Hawk AI Sandbox


Hawk AI Overview

Data Capture

Standard process to extract data from PDF files or HTML pages. If structure is available then some fields will be stored separately or images can be extracted. Otherwise all content is stored as a single field in the index. Some categorization can also be collected from structured file content, directory structures or other processes. PDF screenshots are also created during this process.

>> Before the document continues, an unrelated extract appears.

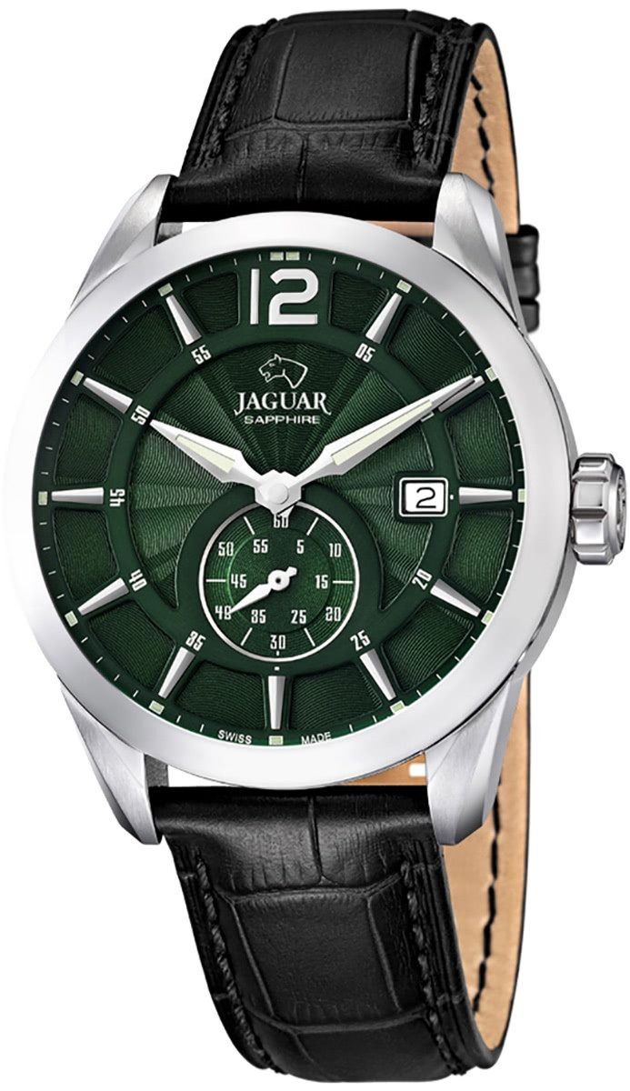 Die Elegant Uhr der Marke Jaguar hat ein schönes Armband aus Leder in schwarz mit Klappverschluss. Eine Uhr aus der Jaguar ACM Kollektion für Herren in der Gehäusefarbe silber mit Quarzwerk. Die Analoguhr mit Saphirglas hat ein Zifferblatt in der Farbe dunkelgrün. Die Form der Uhr ist rund und das Gehäuse ist groß ca. 43mm.

All content collected and generated by the first two processes is converted into vectors for Concept Search (note that as part of this PoC we did also create vectors for the screenshots of the PDFs). When a question is posed, the first step is to make a request to the repository to find the appropriate document. If the data is found in multiple documents then both are aggregated in the results. The results are shown on the page with a thumbnail of the PDF file and the synopsis generated by the GenAI.

Smart Response

When the appropriate content is returned, it is then run through a prompt that explains to only answer the question with the content in the index that was returned and then provide the appropriate response to the question. If the question can not be handled by the Smart Response process with a high enough level of confidence, then no response is provided. The additional info and links would only point to information in the index.

Initial GenAI Analysis

This can be helpful to enrich content in the indexing feed if necessary. The fields in the indexing feed can be sent to a AI Agent for enhancing the description or other fields in HawkSearch. This is not necessary for this implementation – it’s only an option.